Court of Appeal for Ontario
Citation: R. v. Savory, 2022 ONCA 132 Date: 2022-02-11 Docket: C66294
Before: Fairburn A.C.J.O., Doherty and Paciocco JJ.A.
Between
Her Majesty the Queen Respondent
and
Craig Savory Appellant
Counsel: Mark Halfyard, for the appellant Marie Comiskey, for the respondent
Heard: February 10, 2022 by video conference
On appeal from the conviction entered by Justice Jane Ferguson of the Superior Court of Justice, sitting with a jury, on September 26, 2018.
Reasons for Decision
[1] The appellant stands convicted of possession of cocaine for the purpose of trafficking.
[2] Almost 2.5 kilograms of cocaine were found in a hidden compartment located in the backside upholstery of the front passenger seat in the appellant’s SUV. The sole issue at trial was possession, specifically whether the appellant knew that the cocaine was in his vehicle. The sole issue on appeal is whether the jury’s verdict is an unreasonable one.
[3] The appellant argues that there was little evidence to support the conviction in this case. As he points out, despite being under on-and-off surveillance for over a year, he was never seen accessing the secret compartment. Nor did his minimalist lifestyle lend support to the theory that he was a drug trafficker, operating in high amounts of cocaine.
[4] The appellant pointed to his brother as the likely culprit. The appellant’s brother, a previously convicted drug dealer and someone who was also found to possess drug paraphernalia around the same time as the appellant’s arrest, had gifted him the vehicle. The appellant testified that his brother continued to access the SUV with the appellant’s permission, right up to the day prior to the search.
[5] Against that factual backdrop, the appellant hypothesizes that the jury may have come to their erroneous conclusion on what is described as a weak yet legally correct instruction on circumstantial evidence. If a more robust instruction had been given, one that exceeded the specimen jury instructions, then the jury may not have been so quick to fill in the evidentiary blanks with guilty inferences.
[6] The appellant emphasizes that his view of the case was shared by the trial judge. At sentencing, the trial judge expressed the view that “she may not agree” with the verdict, that she “would have done something different”, and that she was “sympathetic” to the appellant.
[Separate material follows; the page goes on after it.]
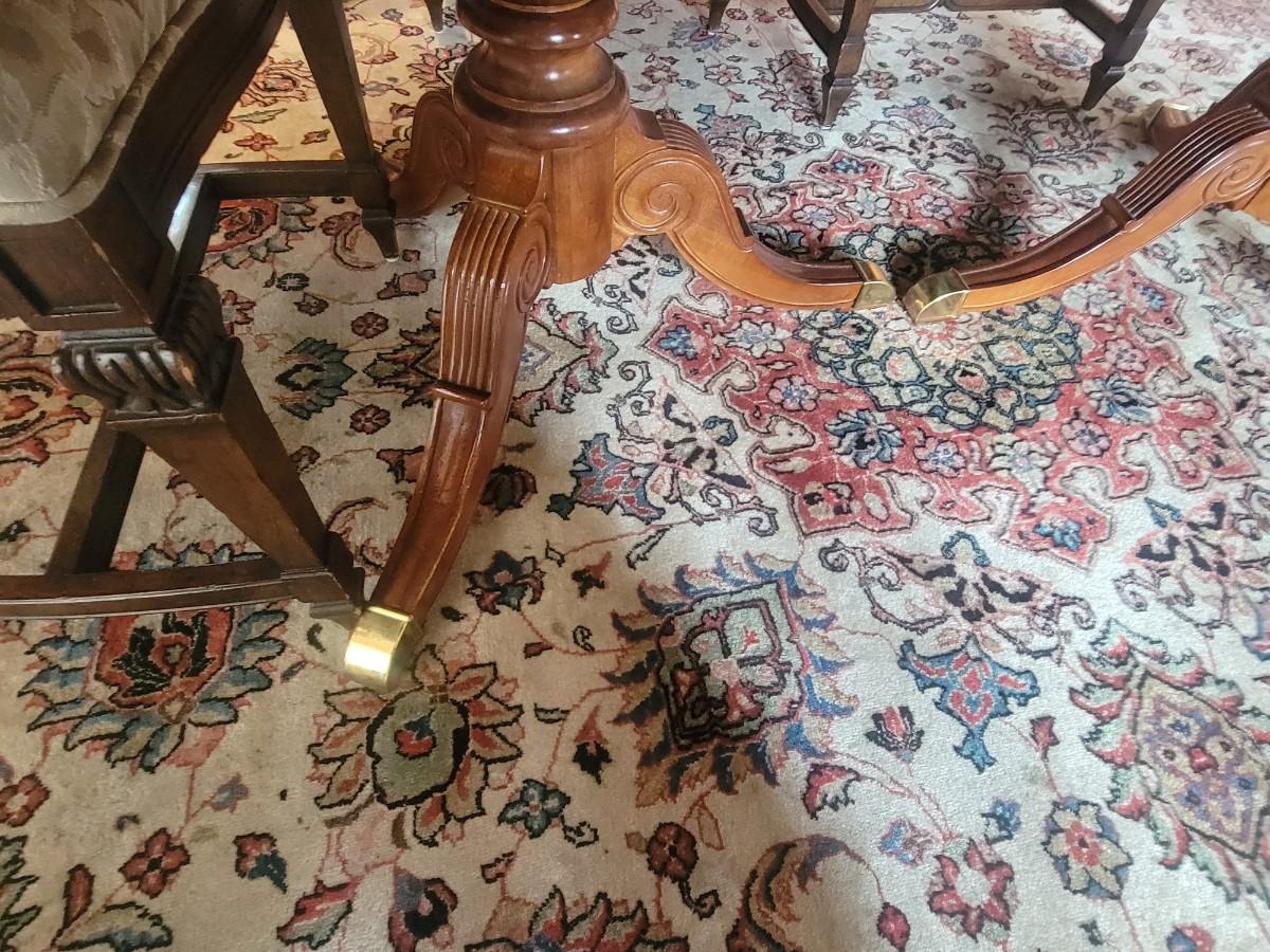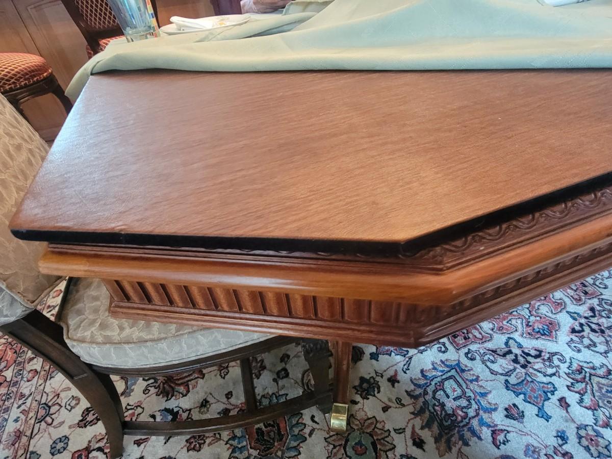 Very nice table, circa 1970, large base, 8 chairs, two leafs, near perfect.,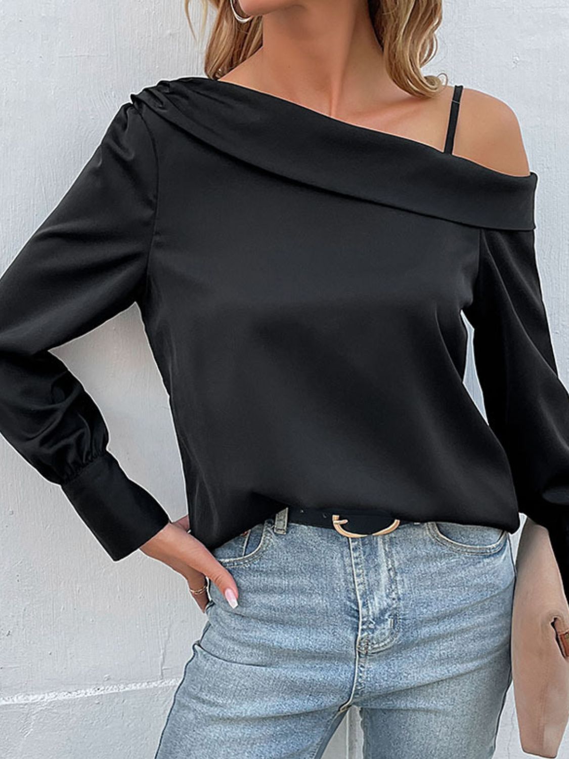 - Neckline: Asymmetric neck

While the appellant acknowledges that the trial judge’s view of the case is not determinative of this appeal, he argues that the fact that she expressed such strong sentiments about the jury’s verdict goes some distance to raising concerns over whether the verdict was in fact unreasonable.
[7] In the end, the appellant argues that the conviction in this case represents a perverse verdict, one that no properly instructed jury acting reasonably could have rendered.
[8] We do not accept this submission. While it is correct that the trial judge expressed the view that she may well have arrived at a different verdict, the voicing of that thought did not render the verdict unreasonable. The appellant exercised his right to a jury trial. Having done so, the jury became the fact finder in this case, and “[a]ny judicial system must tolerate reasonable differences of opinion on factual issues”: R. v. Biniaris, 2000 SCC 15, at para. 24. This may well be one of those cases.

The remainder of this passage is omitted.